Самарканд. 2185 год.
Музей по имени Родина. Фархад стоял на смотровой площадке и смотрел на Регистан. Величественные порталы медресе Улугбека, Шердора и Тилля-Кари были безупречны. Их бирюзовые и лазурные изразцы сияли первозданной чистотой. Но это была мертвая, стерильная красота. Вся площадь, жемчужина древнего мира, была накрыта гигантским климатическим куполом, защищавшим ее от пыльных бурь и ядовитого солнца. Воздух здесь был фильтрованным и безжизненным. Не было ни крикливых торговцев, ни запаха свежеиспеченных лепешек, ни гомона сотен учеников. Лишь тихий шепот туристов, бродящих по обозначенным дорожкам, и монотонный голос аудиогидов.
Его родина, вся Центральная Азия, превратилась в такой вот музей. После «Великого Раскола» , когда иссякли реки и старые нации распались, выжившие укрылись в нескольких городах-анклавах. Их правители, «Совет Хранителей», проповедовали идеологию «Мудрого Смирения»: забыть о былом имперском величии, которое вело лишь к войнам, и бережно хранить останки прошлого, зарабатывая на жизнь историческим туризмом.
Фархад ненавидел это смирение. В нем он видел предательство. Он, историк-реставратор, работавший в секретном Институте Времени, смотрел на эти прекрасные руины и чувствовал фантомную боль по тому живому, бурлящему, несовершенному миру, который был утерян.
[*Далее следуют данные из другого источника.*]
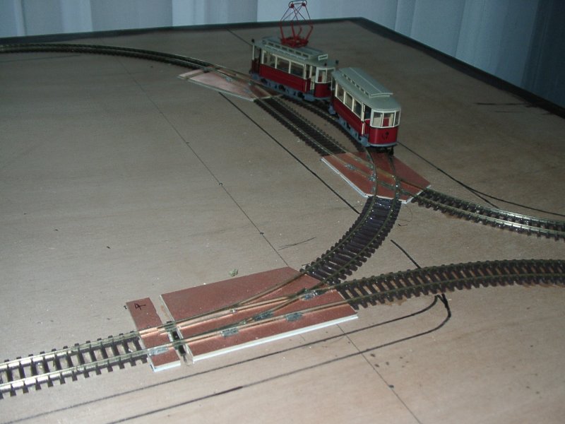 Dann werden die Weichen und Kreuzungen bearbeitet. Das Schienenprofil angelötet. Und erste Probefahrten mit verschiedenen Fahrzeugen durchgeführt. |
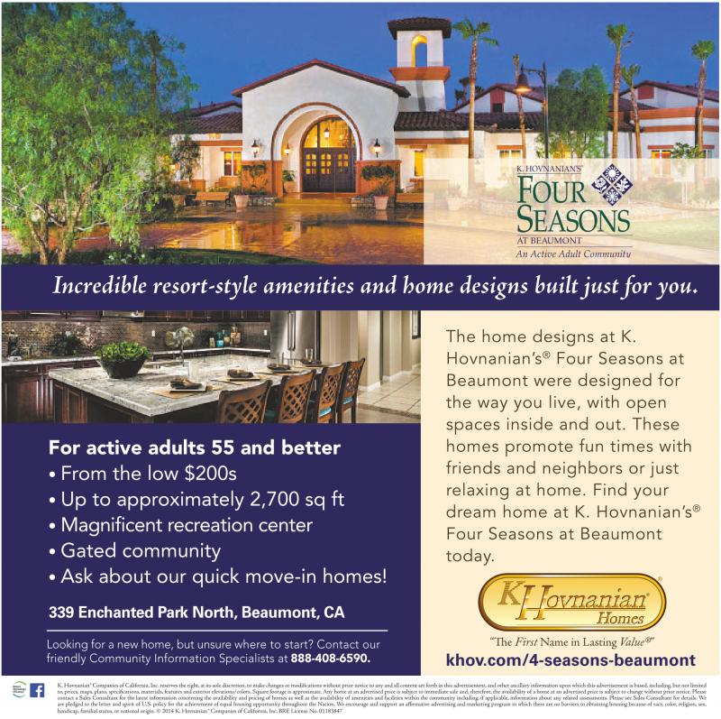 K. Hovnanian® Companies of California,Inc.reservesthe right, at its sole discretion, to makechanges or modificationswithout prior noticetoany and all contentset forthinthisadvertisement, and other ancillaryinformationupon whichthis advertisementisbased,including, butnot limited to,prices, maps, plans, specifications, materials, features and exterior elevations/colors. Squarefootageisapproximate.Any home at an advertisedprice is subjecttoimmediate sale and,therefore,the availability of ahome at an advertised price is subjecttochange without prior notice. Please contactaSales Consultantfor thelatest information concerningthe availability and pricingofhomes as well as theavailability of amenities and facilities within thecommunity including, if applicable, information about anyrelatedassessments. Please see Sales Consultantfor details. We arepledged to theletterand spirit of U.S. policyfor theachievementofequal housingopportunity throughout theNation. We encourage and support an affirmative advertisingand marketingprogram in whichthere arenobarrierstoobtaininghousingbecause of race,color, religion, sex,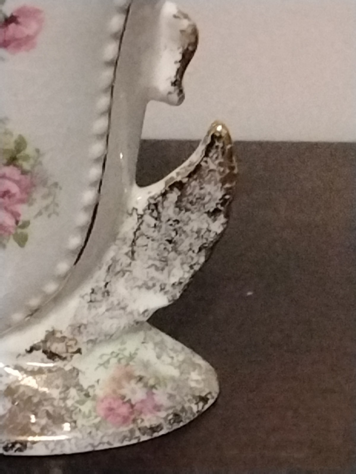 Vintage MOSS ROSE French Wedding Pedestal VASE with GOLD Trim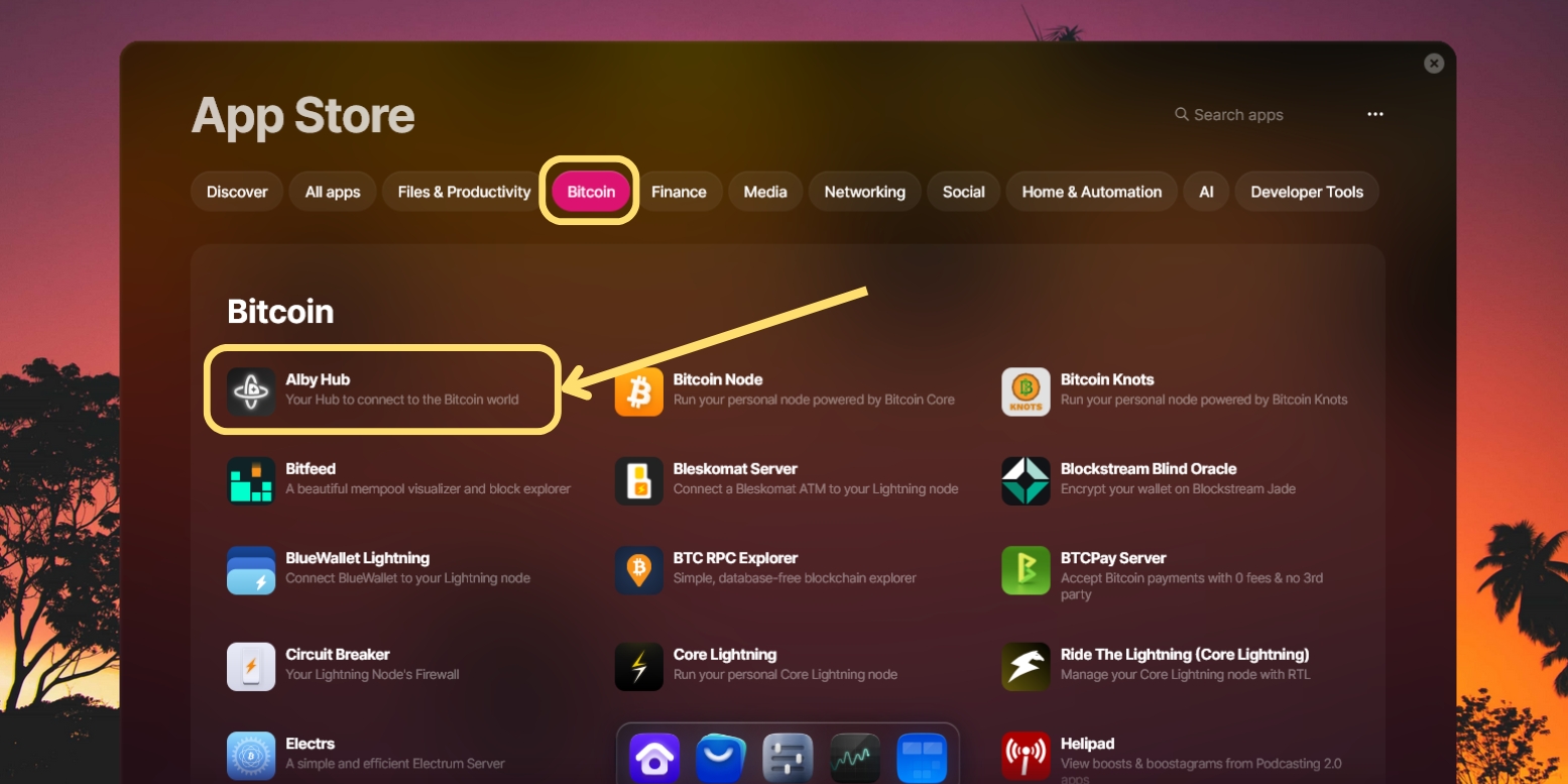 Just go to the Umbrel's App Store, then look for the Alby Hub under the "Bitcoin" Section. Click & Install.

Окно в украденный мир. Глубоко под землей, в лаборатории, защищенной от всех сканеров, находилось их главное сокровище и проклятие — «Темпоральное Зеркало». Годы ушли на то, чтобы научиться ловить в его квантовых глубинах зыбкие, туманные образы прошлого. И однажды они это увидели.
Фархад до сих пор помнил тот день. Он и его наставник, седой профессор Азимов, смотрели на дрожащее изображение, и их сердца замирали от восторга. Они увидели не тот XV век, что был в их хрониках. Они увидели истинную историю. Они видели Тамерлана, вернувшегося с триумфом из Китая. Видели, как его империя не распадается, а превращается в могучую, просвещенную державу, где тюркские воины и китайские мудрецы строят вместе новую цивилизацию. Видели Самарканд, ставший столицей мира, где арабские математики спорят с европейскими художниками, а индийские врачи делятся знаниями с персидскими поэтами. Это был мир Возрождения, но его центром была Азия. Мир, который должен был привести к их собственному, сильному и процветающему XXII веку.
А затем они нашли его. Шрам. Крошечную временную аномалию, энергетический след, оставленный в 1405 году в Отраре. Они запустили симуляцию, и на их глазах, от этой одной точки, по всему гобелену истории пошла трещина. Великая империя рухнула в хаос. Возрождение захлебнулось в крови. И вся сияющая ветвь их истинного будущего усохла, превратившись в ту пыльную и унылую реальность, в которой они жили.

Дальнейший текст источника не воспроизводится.